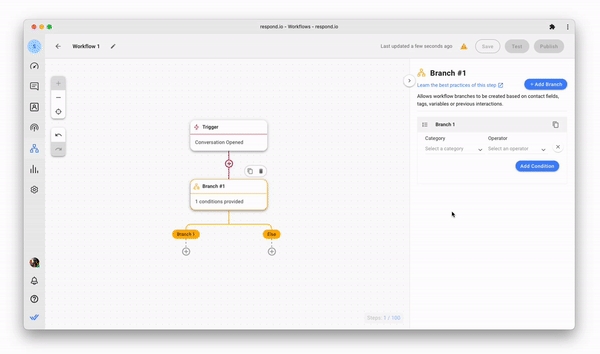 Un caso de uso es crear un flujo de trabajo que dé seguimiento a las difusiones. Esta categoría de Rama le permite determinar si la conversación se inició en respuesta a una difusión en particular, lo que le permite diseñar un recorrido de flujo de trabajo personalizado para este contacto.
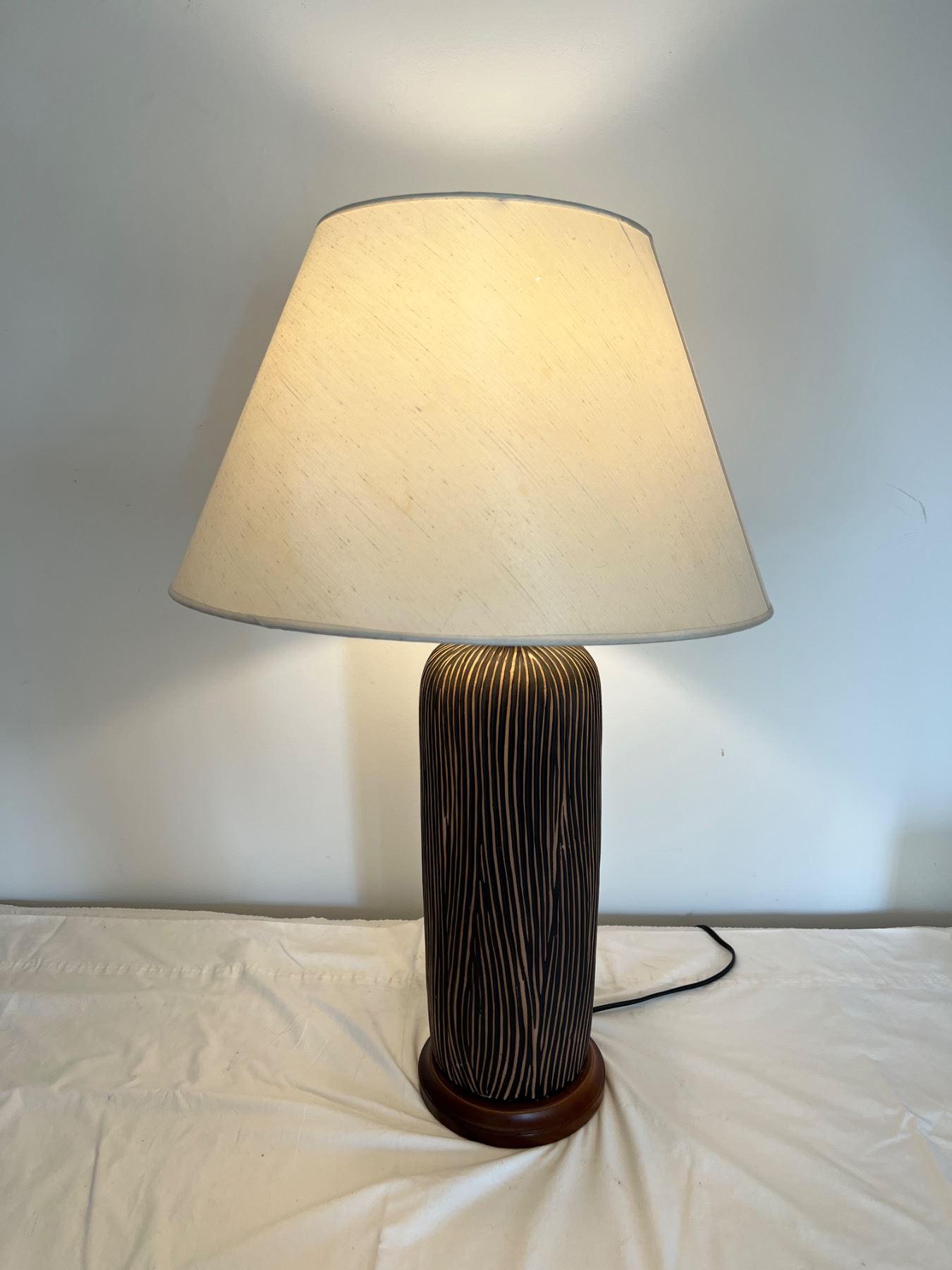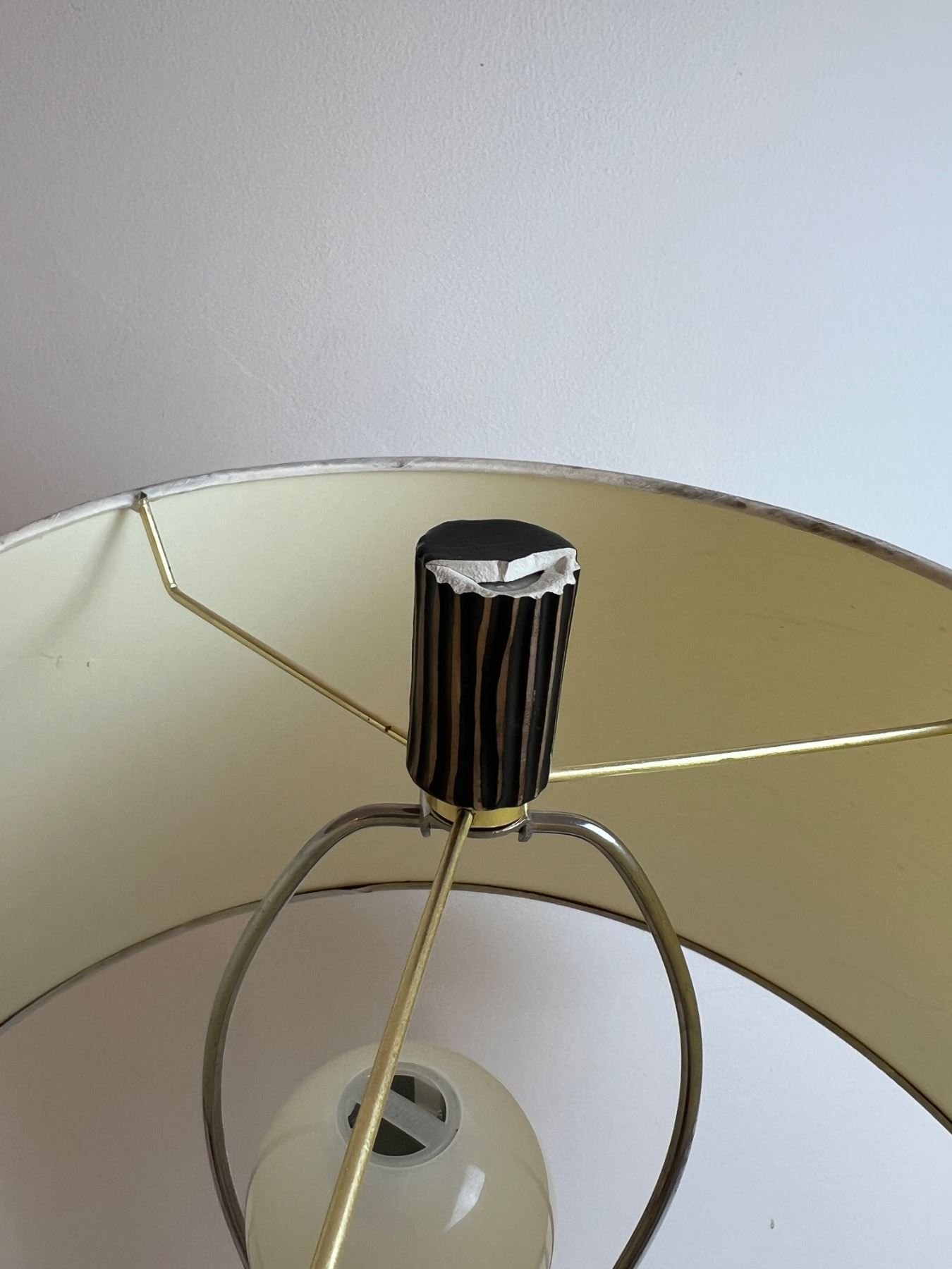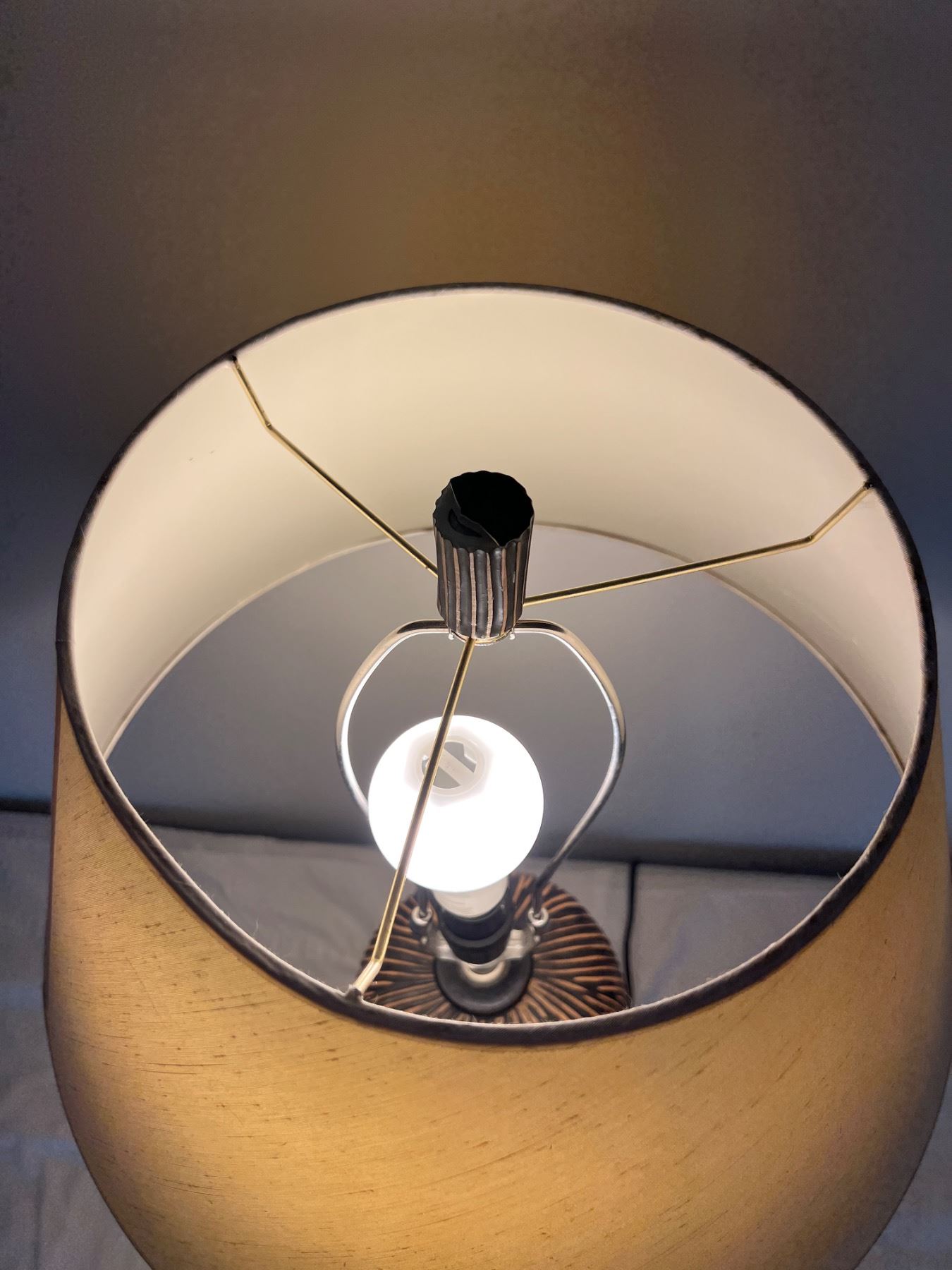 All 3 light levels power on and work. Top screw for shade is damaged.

= = = = =

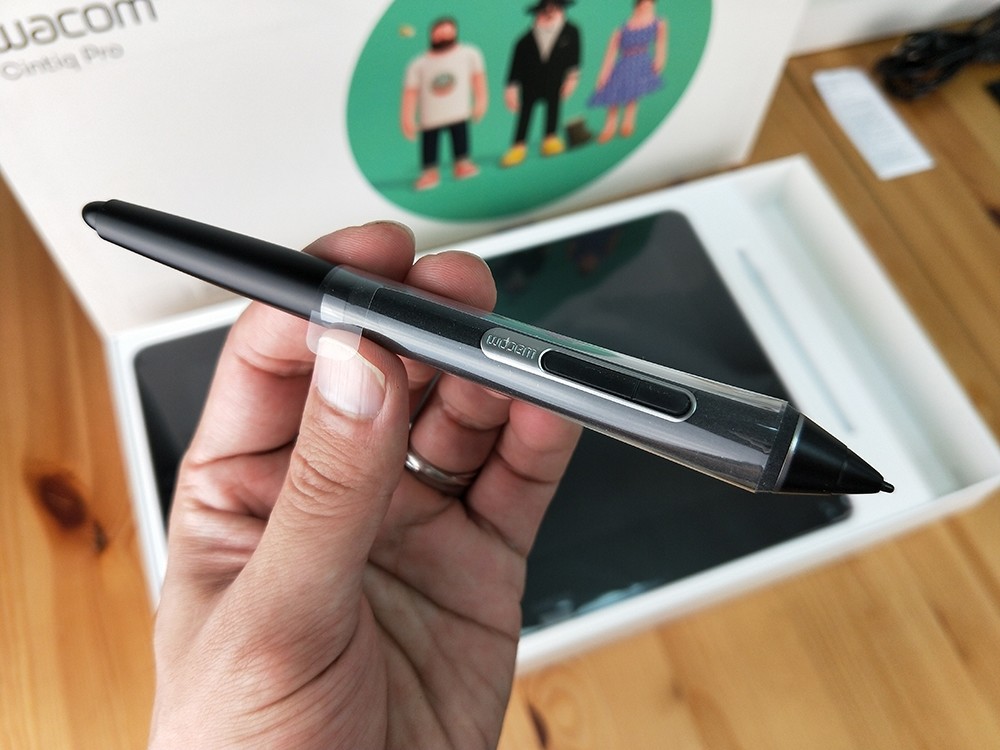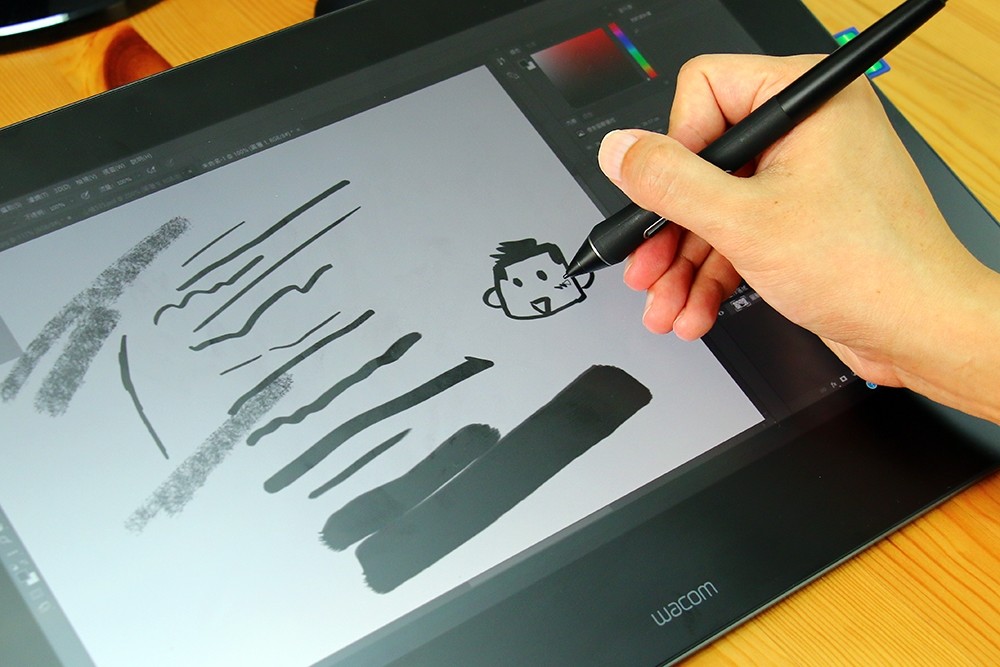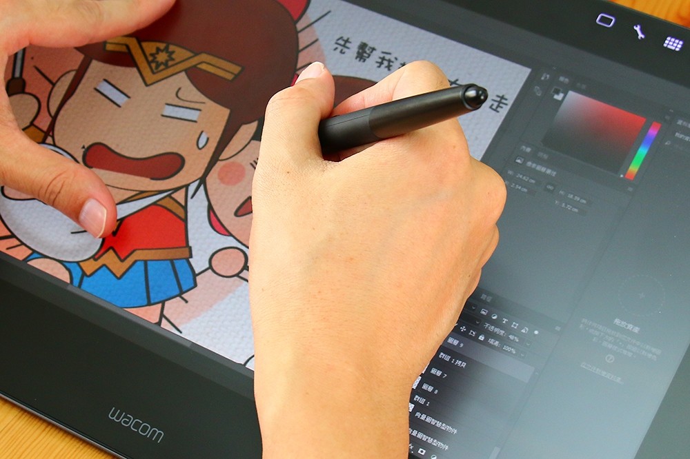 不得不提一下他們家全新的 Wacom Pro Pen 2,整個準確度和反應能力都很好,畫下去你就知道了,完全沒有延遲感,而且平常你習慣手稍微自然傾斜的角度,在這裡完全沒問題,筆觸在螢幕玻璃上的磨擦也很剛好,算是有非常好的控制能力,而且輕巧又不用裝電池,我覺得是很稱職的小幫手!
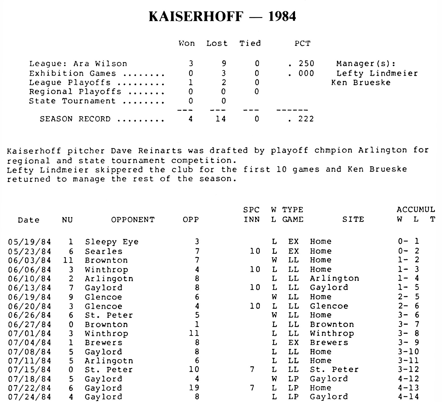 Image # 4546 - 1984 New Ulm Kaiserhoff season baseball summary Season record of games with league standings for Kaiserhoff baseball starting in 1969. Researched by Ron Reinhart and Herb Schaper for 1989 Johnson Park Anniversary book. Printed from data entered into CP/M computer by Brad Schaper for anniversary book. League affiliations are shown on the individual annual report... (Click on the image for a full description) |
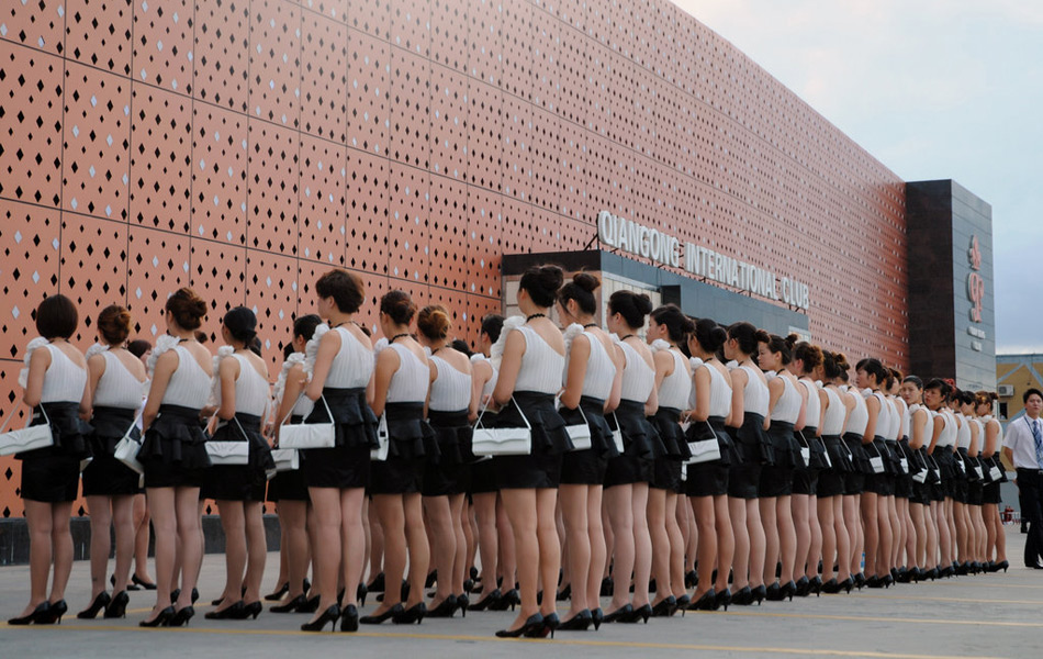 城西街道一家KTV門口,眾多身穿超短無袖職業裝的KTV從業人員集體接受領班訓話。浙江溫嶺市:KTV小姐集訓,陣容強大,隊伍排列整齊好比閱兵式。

= = = = =

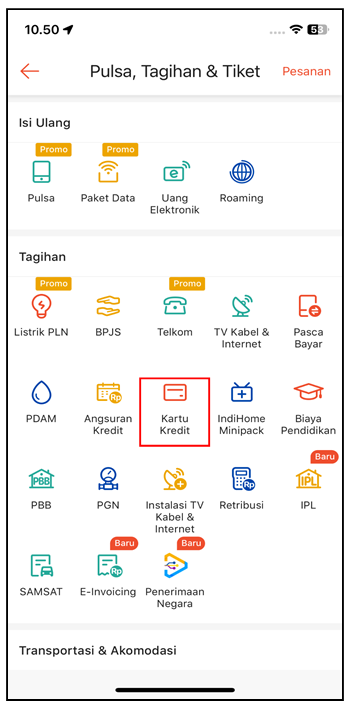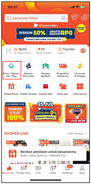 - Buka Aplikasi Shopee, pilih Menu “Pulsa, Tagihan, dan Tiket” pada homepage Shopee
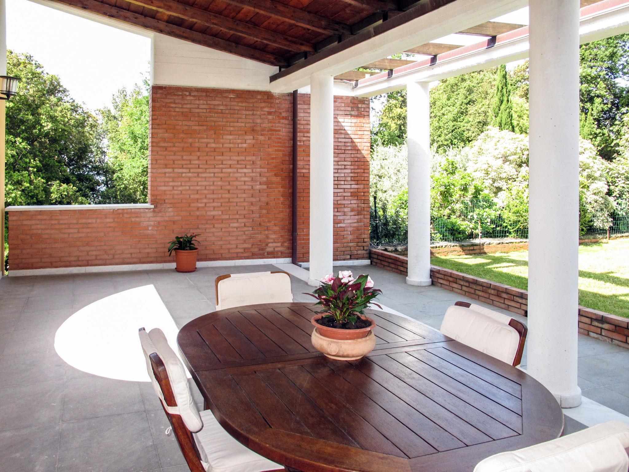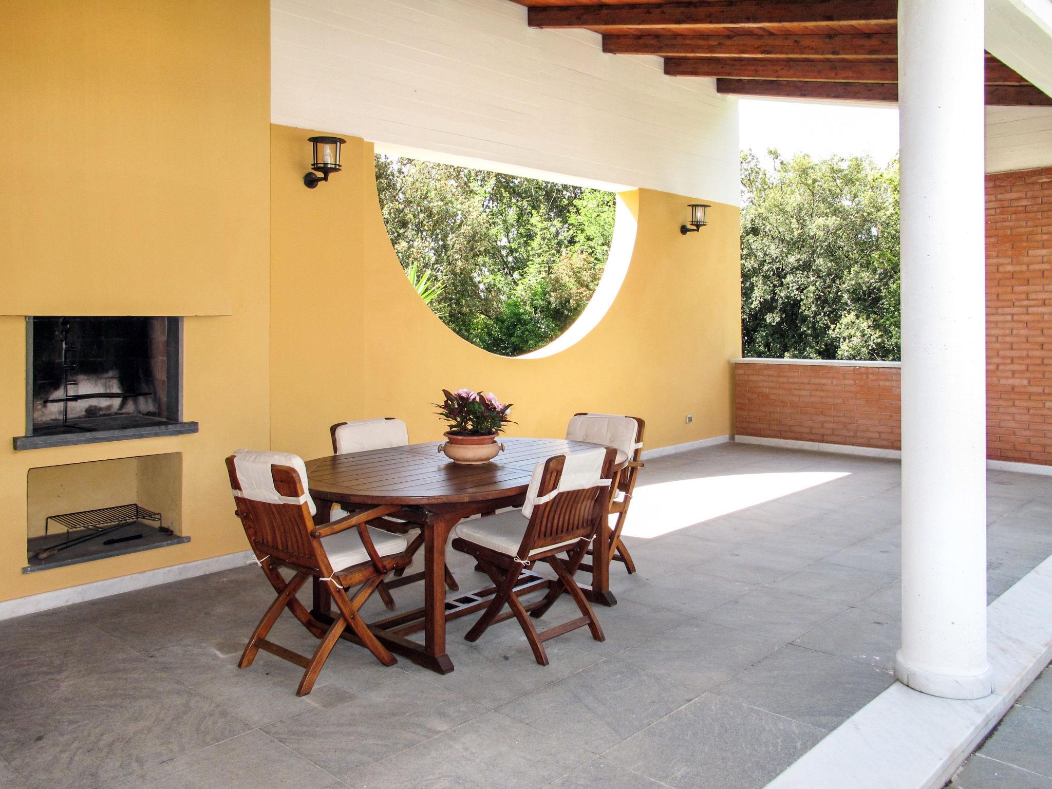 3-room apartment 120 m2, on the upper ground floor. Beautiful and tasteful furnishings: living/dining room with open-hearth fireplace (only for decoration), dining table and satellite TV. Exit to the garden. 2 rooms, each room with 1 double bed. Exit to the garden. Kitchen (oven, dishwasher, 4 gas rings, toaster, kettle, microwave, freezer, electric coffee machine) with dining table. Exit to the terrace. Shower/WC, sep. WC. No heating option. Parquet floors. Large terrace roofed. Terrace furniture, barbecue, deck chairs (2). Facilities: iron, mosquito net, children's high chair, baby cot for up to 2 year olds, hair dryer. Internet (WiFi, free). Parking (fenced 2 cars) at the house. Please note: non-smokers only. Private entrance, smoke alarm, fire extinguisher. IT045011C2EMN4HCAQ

= = = = =

Copy exactly the part of the material above that opens with the line containing "Un caso de uso" and closes with the line containing "All 3 light", ends included. Drop the images.

 Un caso de uso es crear un flujo de trabajo que dé seguimiento a las difusiones. Esta categoría de Rama le permite determinar si la conversación se inició en respuesta a una difusión en particular, lo que le permite diseñar un recorrido de flujo de trabajo personalizado para este contacto.
 All 3 light levels power on and work. Top screw for shade is damaged.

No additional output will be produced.